Task:
Transcribe each of the records below exactly, excluding all pictures.

Supplied material:
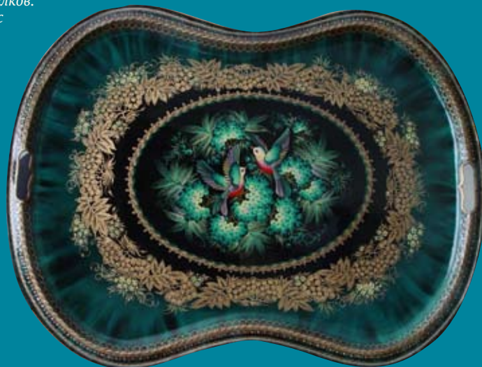
Т. Бинас. Поднос
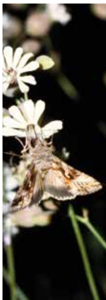
Gammafly (13).
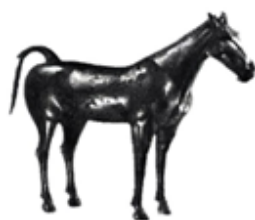
鎏金铜马 (陕西茂陵博物馆)

A. 实行“推恩令” B. 平定七国之乱 C. 与西域有交往 D. 打击富商大贾
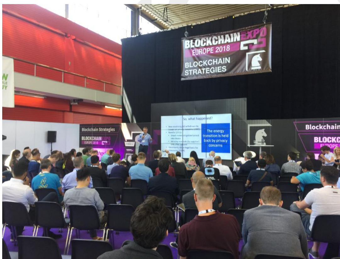
Ilustración 4: exponente durante la segunda jornada de Blockchain Expo Europe

Dado que gran parte de los asistentes a la feria son personas que trabajan en el sector financiero y tecnológico es especialmente interesante si opera en este sector.

Exercise solution:
Т. Бинас. Поднос
Gammafly (13).
鎏金铜马 (陕西茂陵博物馆)

A. 实行“推恩令” B. 平定七国之乱 C. 与西域有交往 D. 打击富商大贾
Ilustración 4: exponente durante la segunda jornada de Blockchain Expo Europe

Dado que gran parte de los asistentes a la feria son personas que trabajan en el sector financiero y tecnológico es especialmente interesante si opera en este sector.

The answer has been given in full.